Video summary and VQA module
Also the MultimodalSummaryDetector can be used to generate video captions (summary) as well as visual question answering (VQA) for visual part of video file. This again uses the QWEN 2.5 Vision-Language model family
model = ammico.MultimodalSummaryModel(model_id=model_id)
ammico uses the WhisperX model family for audio transcription as developed by OpenAI. This will lead to higher accuracy. The AudioToTextModel model is responsible for this in ammico. By default, it loads a small model on the GPU (if your device supports CUDA), also you can specify size of the audio model ("small", "base", "large"), or device ("cuda" or "cpu") if you want. Increasing the model size can improve the result of converting an audio track to text, but consumes more RAM or VRAM.

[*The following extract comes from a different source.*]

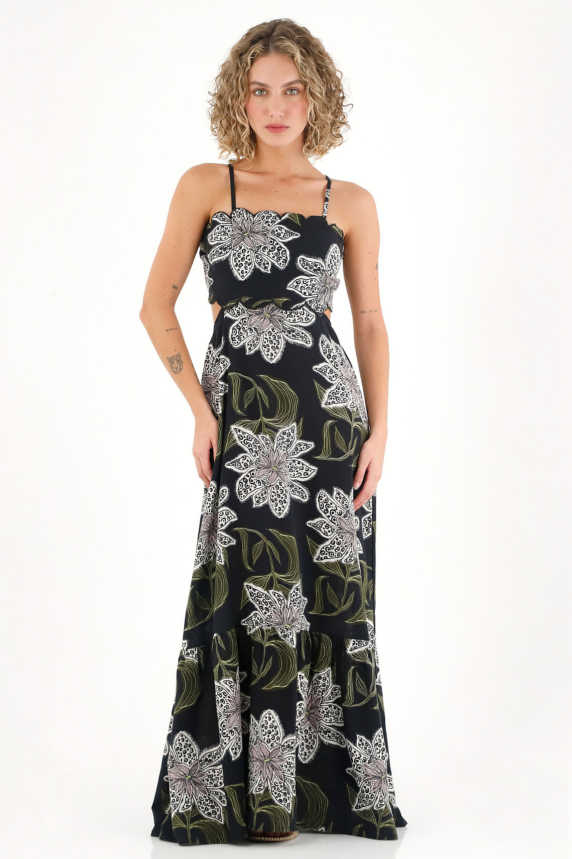 Vestido Largo Con Estampado Y Cut Out En Cintura Negro Para MujerTalles disponibles

audio_model = ammico.AudioToTextModel(model_size="small", device="cuda")
Read your video data into AMMICO
The ammico package reads in one or several input video files given in a folder for processing. The user can select to read in all videos in a folder, to include subfolders via the recursive option, and can select the file extensions that should be considered (i.e. "mp4"). For reading in the files, the ammico function find_videos is used, with supported extensions supported:
| input key | input type | possible input values |
|---|---|---|
path |
str |
the directory containing the video files (defaults to the location set by environment variable AMMICO_DATA_HOME) |
pattern |
str\|list |
the file extensions to consider (defaults to "mp4", "mov", "avi", "mkv", "webm") |
recursive |
bool |
include subdirectories recursively (defaults to True) |
limit |
int |
maximum number of files to read (defaults to 5, for all videos set to None or -1) |
random_seed |
str |
the random seed for shuffling the videos; applies when only a few videos are read and the selection should be preserved (defaults to None) |
The find_videos function returns a nested dictionary that contains the file ids and the paths to the files and is empty otherwise.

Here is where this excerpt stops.